Two-Step Acoustophoresis Separation of Live Tumor Cells from Whole Blood.

Abstract

There is an unmet clinical need to extract living circulating tumor cells (CTCs) for functional studies and in vitro expansion to enable drug testing and predict responses to therapy in metastatic cancer. Here, we present a novel two-step acoustophoresis (A2) method for isolation of unfixed, viable cancer cells from red blood cell (RBC) lysed whole blood. The A2 method uses an initial acoustofluidic preseparation step to separate cells based on their acoustic mobility. This acoustofluidic step enriches viable cancer cells in a central outlet, but a significant number of white blood cells (WBCs) remain in the central outlet fraction due to overlapping acoustophysical properties of these viable cells. A subsequent purging step was employed to remove contaminating WBCs through negative selection acoustophoresis with anti-CD45-functionalized negative acoustic contrast particles.

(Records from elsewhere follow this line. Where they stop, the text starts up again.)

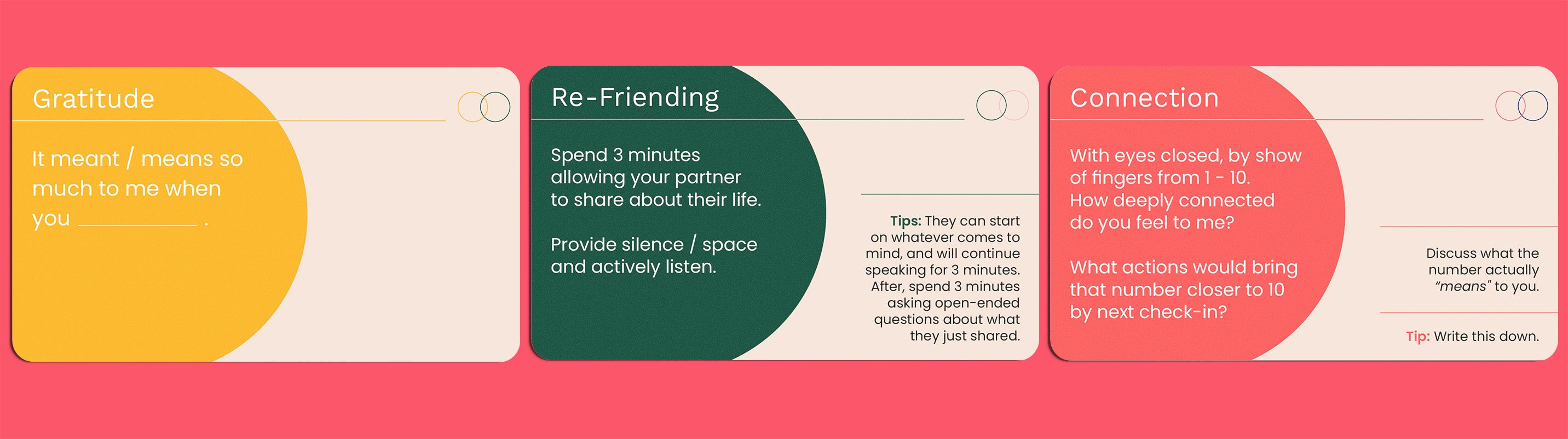 Re-ignite or kickstart your connection through deeper conversations + understanding each other's needs.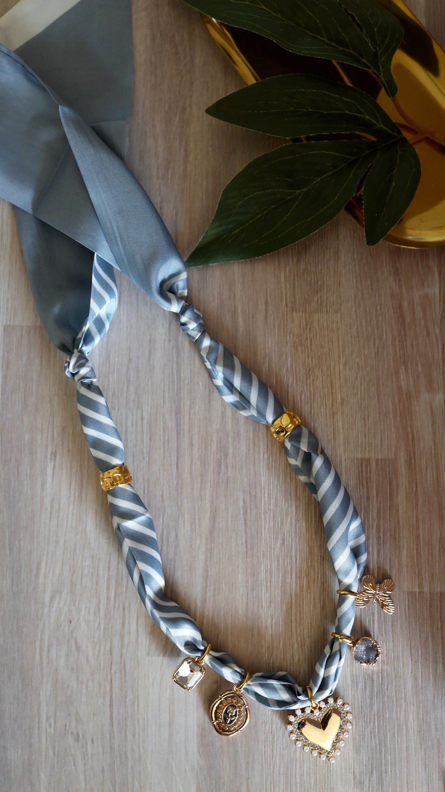 The simulated silk charm necklace brings subtle shine and softness to your accessories. This thin, delicate cord has a gentle sheen that is giving luxe. Lightweight and super breathable, it’s made for simple elevated styling. Handcrafted with care, and 100% unique.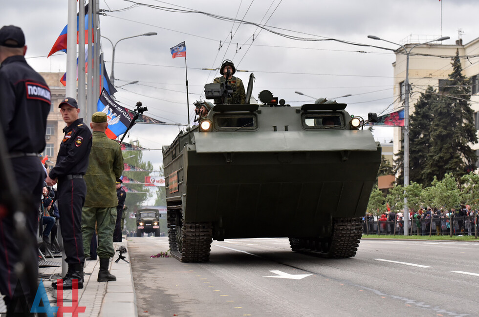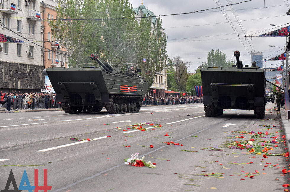 Затем прошли образцы современной техники, стоящей на вооружении Народной милиции ДНР. На улицу Артема выехал внедорожник УАЗ-3151 со знаменем сухопутных войск, далее проследовал БТР-80, квадроциклы, военные внедорожники с разными видами вооружения, боевые машины пехоты, танки Т-72 Б и Т-64. Далее проследовали реактивные системы залпового огня БМ-21 «Град», самоходные гаубицы «Гвоздика», буксируемая артиллерия – Д-30, «Мста-Б», минометы, противотанковые пушки «Рапира», зенитный ракетный комплексы «Стрела-10», зенитные скорострельные пушки ЗУ-23-2.

We processed 1 mL samples of 1:1 diluted RBC lysed whole blood mixed with 10 000 DU145 cells through the A2 method. Additional experiments were performed using 1000 DU145 cells spiked into 1.5 × 106 WBCs in 1 mL of buffer to further elucidate the dynamic range of the method. Using samples with 10 000 DU145 cells, we obtained 459 ± 188-fold depletion of WBC and 42% recovery of viable cancer cells. Based on spiked samples with 1000 DU145 cells, our cancer cell recovery was 28% with 247 ± 156-fold WBC depletion corresponding to a depletion efficacy of ≥99.5%. The novel A2 method provides extensive elimination of WBCs combined with the gentle recovery of viable cancer cells suitable for downstream functional analyses and in vitro culture.